The 2009 F1 regulations permit the fitting of a KERS that can collect and store energy at the rate of 60kW - 60kJ every second. Up to 400kJ of the stored energy can then be reintroduced into the drivetrain each lap, in effect giving the driver an extra ten per cent overall power that can be used as a boost for overtaking maneouvers - an environmentally sound version of the engine supplied PowerBoost that has featured in the A1 GP series since it started in 2005 – or flying off the track into the tyre wall.
The ten teams that will make up the 2009 F1 grid all seem to have chosen between electronic or kinetic energy storage – batteries and capacitors vs flywheels. Leaving aside Toro Rosso, which will presumably use the same system as engine supplier Ferrari, and Force India, which will do likewise with McLaren, it looks as though Honda and Williams have opted for flywheels, with Ferrari – possibly in partnership with British company Zytec - McLaren, Red Bull and BMW Sauber going the electronic route.
What Toyota and Renault are up to is the subject of speculation, but since Flybrid - which is rumoured to working with Honda on its flywheel system – is run by ex-Renault drivetrain engineer Jon Hilton, it would seem possible that the French team may go down the same path. Toyota has run a capacitor-based electronic KERS in a Le Mans prototype car which may also suggest its F1 KERS strategy.
McLaren's move is on a par with Williams, which went the whole nine yards earlier this year and bought a major stake in Automotive Hybrid Power, a company set up in 2006 to develop advanced composite flywheel energy storage technology for vehicle use and which was subsequently renamed Williams Hybrid Power and relocated to Williams' F1 HQ outside Oxford.
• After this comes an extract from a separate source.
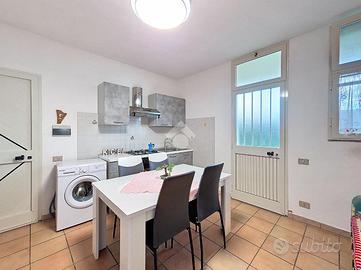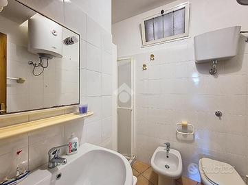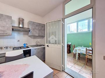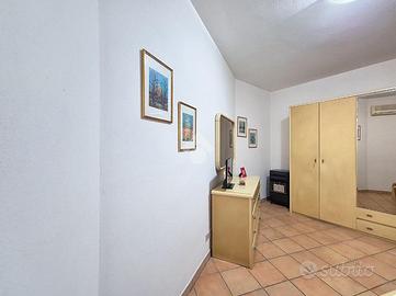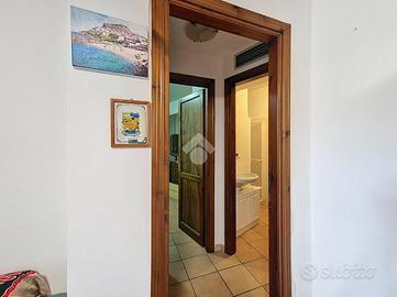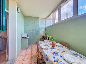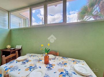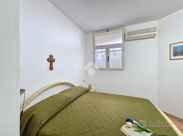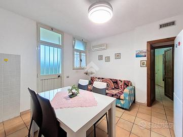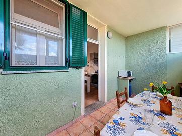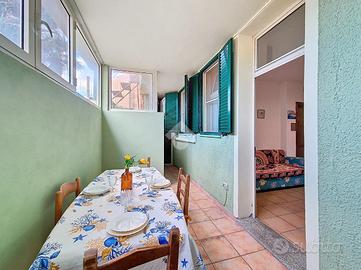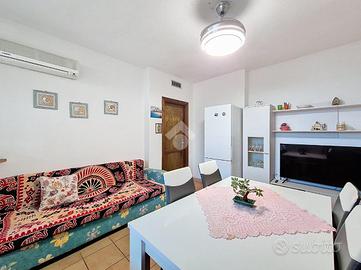 All'ingresso ci accoglie una zona giorno con angolo cottura, raccolta e funzionale, ideale per i momenti di condivisione dopo una giornata al mare. Un disimpegno conduce alla camera matrimoniale, silenziosa e riparata, e al bagno, ben organizzato.

We know what BMW Sauber is up to because its electronic KERS gave a mechanic a nasty shock at a test at the Jerez racetrack back in July.
FIA President Max Mosely is keen to see F1 technology filter down to the humble domestic car, not least because the only way to make F1 racing truly green would be to stop doing it, and nobody wants to see that. The idea is that F1's use of KERS will benefit such specialist companies as Zytek, Flybrid, WHP and now the McLaren/Freescale partnership, and they will, in turn, be able to use their specialised knowledge in the domestic car arena.
That's the theory. When Toyota's F1 engine expert, Luca Marmorini, was asked if company's experience with the Prius would be of any help with the Toyota F1 KERS programme, his reply was essentially 'no'.
As the regulations stand, the fitting of a KERS is optional, so it's anyones guess how many KERS-equipped cars will actually line up on the grid in Melbourne come 29 March 2009.